A fierce backlash by hundreds of citizens, including the county's chapter of the National Association for the Advancement of Colored People, has prompted the board to reconsider the ban at a special meeting called for Wednesday evening, board member Matthew Lambeth told Reuters.
Insisting that he and the other board members who supported the ban were not "a bunch of racist, ignorant bigots," Lambeth said he was happy to revisit the book's status after gathering more input from the community during the past week.
"I think the board might have been a little too hasty to make the decision," Lambeth said, adding he did not know yet whether he would change his vote.
Ellison achieved worldwide fame and critical success with "Invisible Man," which won the National Book Award for fiction in 1953 and was named by the Library of Congress as one of the "Books That Shaped America." Ellison died in 1994.

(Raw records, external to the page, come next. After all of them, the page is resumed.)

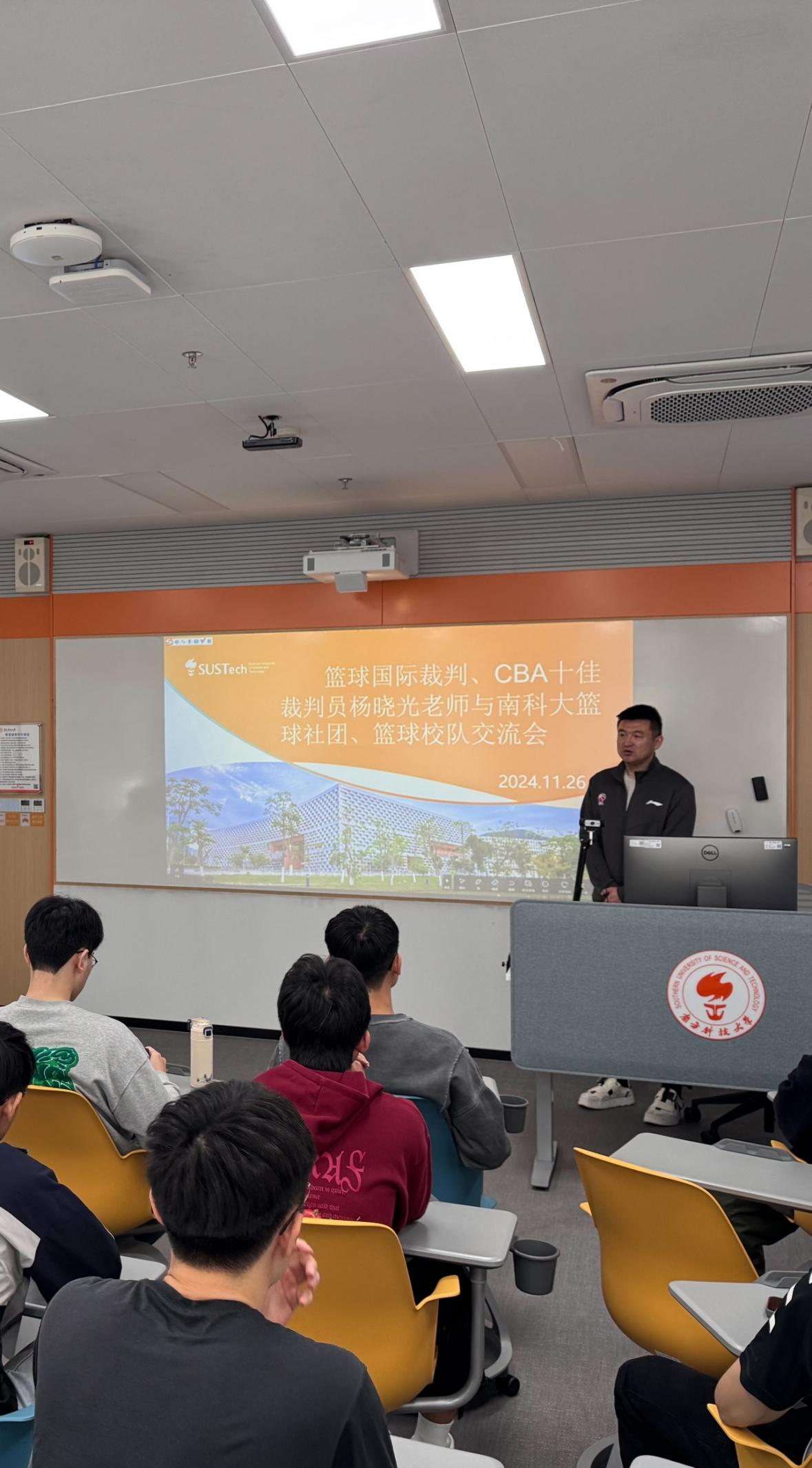 11月26日,篮球国际级裁判,CBA十佳裁判员杨晓光老师应邀来到南方科技大学,与篮球社团及校篮球队队员在我校第三教学楼405教室开展了一场别开生面的篮球规则解读与交流活动。
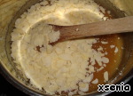 Как только сахар карамелизировался всыпаем орехи и перемешиваем.
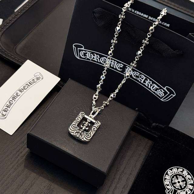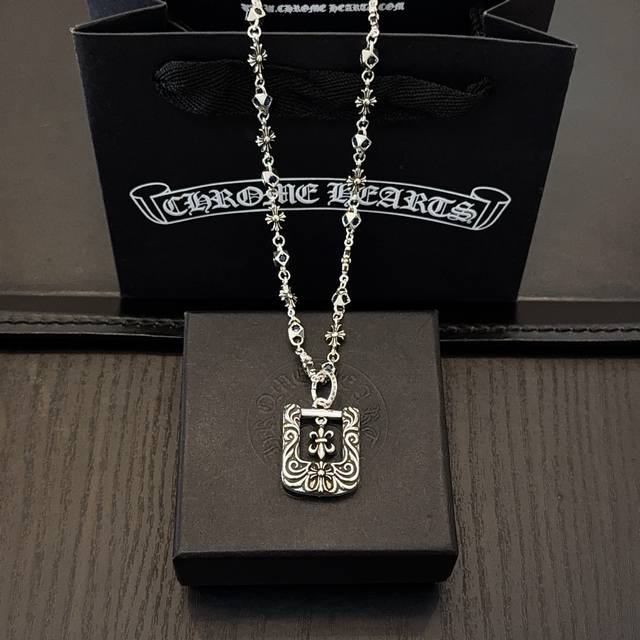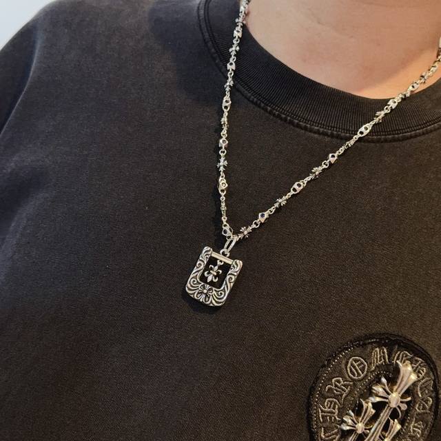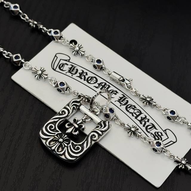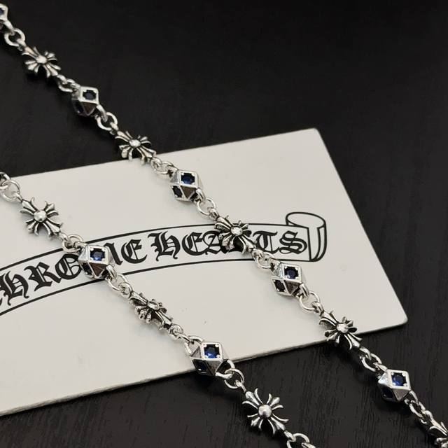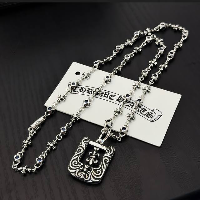 New boutique quality Chrome Hearts classic retro blue diamond cross necklace with square scout flower pendant. The embossed design and different patterns create a unique look. The cross and scout flower are Chrome Hearts' signature colors, making them timeless. Authentic Chrome Hearts replica, different from ordinary versions on the market. High-quality replica, check the details of the lettering and the vintage distressed finish. Exquisite craftsmanship! Handmade! Authentic mold, trendy and fashionable, a must-have for men and women, suitable for couples. Official website original, rock punk Thai silver style, retro elements, trendy and versatile!
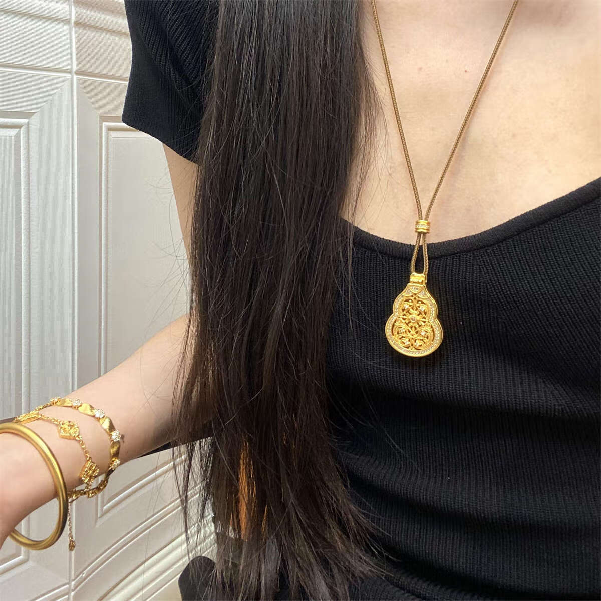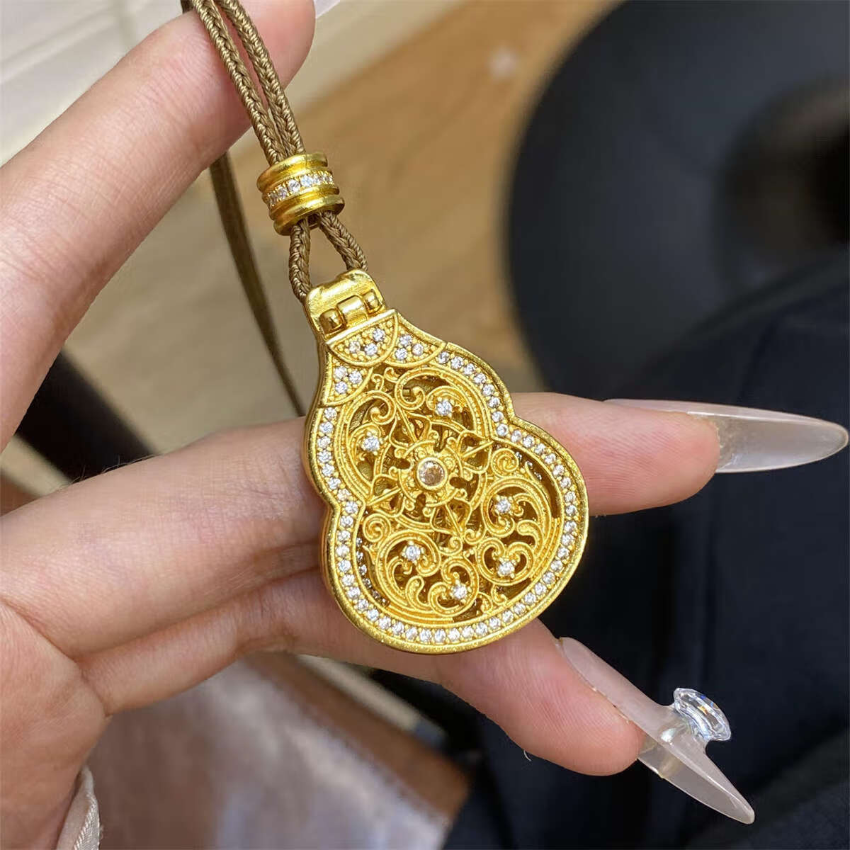 Only pair of retro style Buddha Blessing Gourd Pendant Necklace Ancient Method 18k Gold Autumn and Winter Style Hollow Micro-Inlaid Clavicle Chain Jewelry Accessories Buddha Blessing Gourd Pendant + Coffee Rope
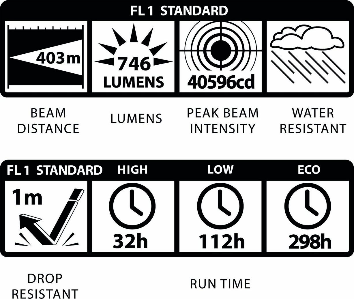 Suorituskyky ANSI FL1 standardin mukaisesti: Valon kantama 403 m, valovirta 746 lumenia, valon voimakkuus 40 596 candelaa. Paloaika Full Power asetuksella 32 h, Low Power asetuksella 112 h ja Eco asetuksella 298 h (joiden jälkeen on vielä 10 % alkuperäisestä valon voimakkuudesta jäljellä. Käytännössä valaisin palaa yhtäjaksoisesti yötä päivää n. pari viikkoa käyttökelpoisella valokeilalla, kunnes paristojen jännite on 0,99V ollen kokoluokkansa energiatehokkain valaisin markkinoilla!). Roiskevesitiivis IPX4. Iskunkestävä 1 m.
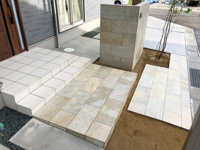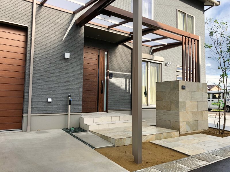 門袖とアプローチは石調の高級感のあるタイルを使用しています。
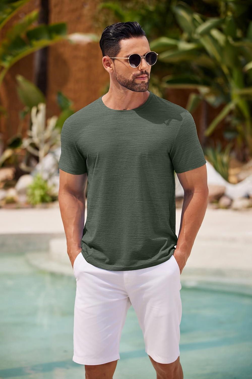 COOFANDY Mens Crew Neck T Shirt Short Sleeve Casual Summer Basic Tee Slim Fit Workout T-Shirt(Army Green)
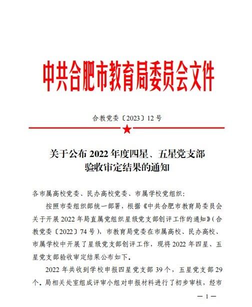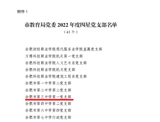 经合肥市教育局党委会议研究决定:合肥市第三中学第一党支部被评为四星党支部。这既是对党支部工作的肯定,更是对全体党员的鼓励与鞭策。
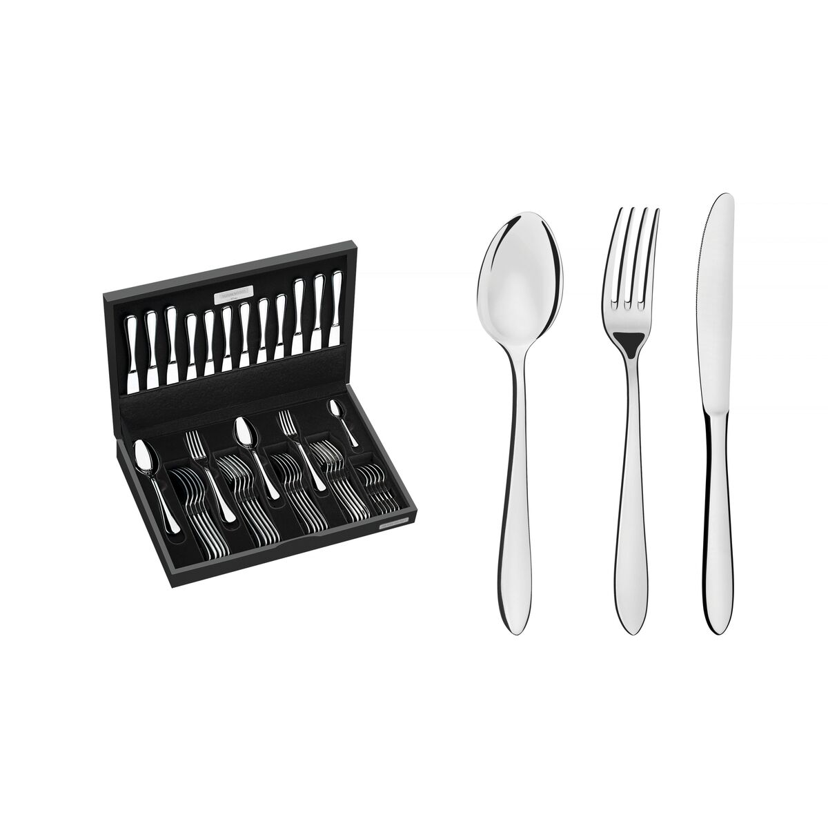 Acondicionado em um lindo estojo de madeira MDF, o Faqueiro Tramontina em Aço Inox com Facas de Mesa Forjadas Acabamento Alto Brilho e Estojo de Madeira 42 Peças da linha Satri deixará a sua mesa ainda mais sofisticada. As colheres possuem bojo em formato simétrico e bordas cuidadosamente arredondadas. Os garfos possuem dentes polidos na parte interna, com formato apropriado para a boca e bordas arredondadas para proporcionar maior conforto no uso. As facas de fio serrilhado são totalmente temperadas, que garantem maior durabilidade no fio de corte e maior resistência à corrosão, e por suas características de temperabilidade, não riscam as porcelanas. Com esse faqueiro você encantará a todos.
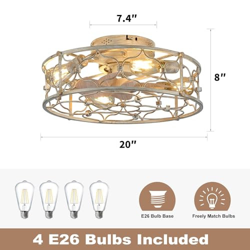 Menu 1. We require immediate payment. 2. We currently accept payment via eBay managed payments only. 3. Once payment is cleared, we will dispatch your shipment within 1-3 business days. Please refer to the "Shipping" tab for more information regarding shipping speed to your destination. Caged Ceiling Fans with Lights,20" Flush Mount Fandelier Ceiling Fan with Lights and Remote,6 Wind Speeds Smart Low Profile Farmhouse Ceiling Fan for Bedroom,Kitchen,Living Room,Include 4 Bulb Product description 【Modern Caged Ceiling Fan】Farmhouse ceiling fan is designed elegant gold metal frame , can well decorate the room at the same time and bring cool and comfortable air volume. 【Lighting & Ceiling Fans】You can use the remote control to only turn on the fan or light. Light and fan can be run separately,that will let you have the fan or the light separately 【Bulbs included】:4pcs E26 LED Edison vintage bulbs are ready for you. Standard sockets are easy to replace or upgrade. You can also purchase your own color changing bulbs for replacement! 【Safe&Unique Design】Our enclosed ceiling fans have been carefully designed so that t is no need to worry about accidental contact with the fan blades, ensuring a safe environment for your loved ones. Especially in bunk beds or spaces with children 【Ceiling Fan with Remote】Variable frequency mute remote control say goodbye to annoyingly loud remote beeps! you can adjust the 6-speed wind / timing function / fan blade forward and reverse / lights and fan blades work separately 【Quiet&Reversible DC Motor】Effortlessly adjust the fan's direction for changing seasons. With the included no beep remote control, toggle between downdraft and updraft modes to suit your needs. 【Easy to Install Ceiling Fan】most of the components we have already assembled, just you need to screw the bulb on and fix the light to the ceiling to run it Feel free to reach out to us for prompt support and solutions. PLEASE MESSAGE US IF YOU HAVE ANY OTHER QUESTIONS, AND MANY THANKS FOR READING ALL OF THIS. Copyright ©#. All Rights Reserved.
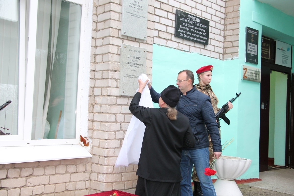 В тверской области торжественно открыли мемориальную доску в честь выпускника Красномайской школы Вышневолоцкого округа Виснапу Андрея Александровича, погибшего при исполнении воинского долга во время спецоперации на Украине.
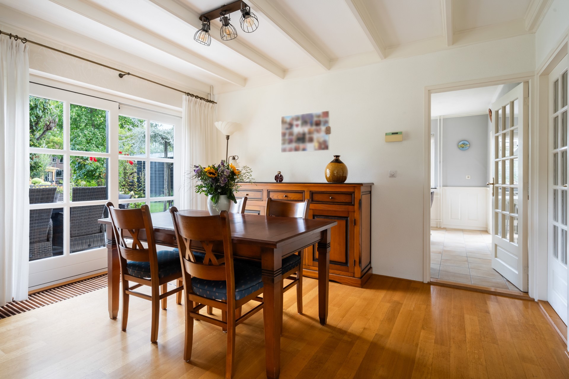 De royale woonkamer profiteert van veel daglicht door de raampartijen rondom, wat zorgt voor een prettige en natuurlijke indeling van de leefruimtes. Aan de voorzijde van de woning bevindt zich een ruime zithoek, terwijl aan de achterzijde een gezellige eethoek kan worden gecreëerd, direct grenzend aan de keuken. De grote schuifpui vormt een mooie verbinding tussen de woonkamer en de zijtuin. De open haard bij de zithoek zorgt voor extra sfeer en warmte tijdens de koudere maanden. De woonkamer is afgewerkt met een laminaatvloer.

"Invisible Man" is commonly included in the curriculum of U.S. high school and college literature classes.
Word of the ban, which spread quickly thanks to national news coverage and social media, inspired one former resident to ask the book's publisher to donate free copies to area high-school students.
Vintage Books agreed, and a giveaway of "Invisible Man" began on Wednesday at a local Books-A-Million store, said Evan Smith Rakoff, a New York-based writer and web editor who grew up in Randolph County.
"I think banning any book is abhorrent, but banning a book that's so undeniably great is incredibly upsetting," Rakoff said.
Lambeth, who said he has read the book twice and enjoyed it, declined to explain ahead of the special meeting his reasons for barring the novel.
"This book obviously has literary value," he said. "We can't go back and change the past, but we can rectify our decision, if it needs rectifying."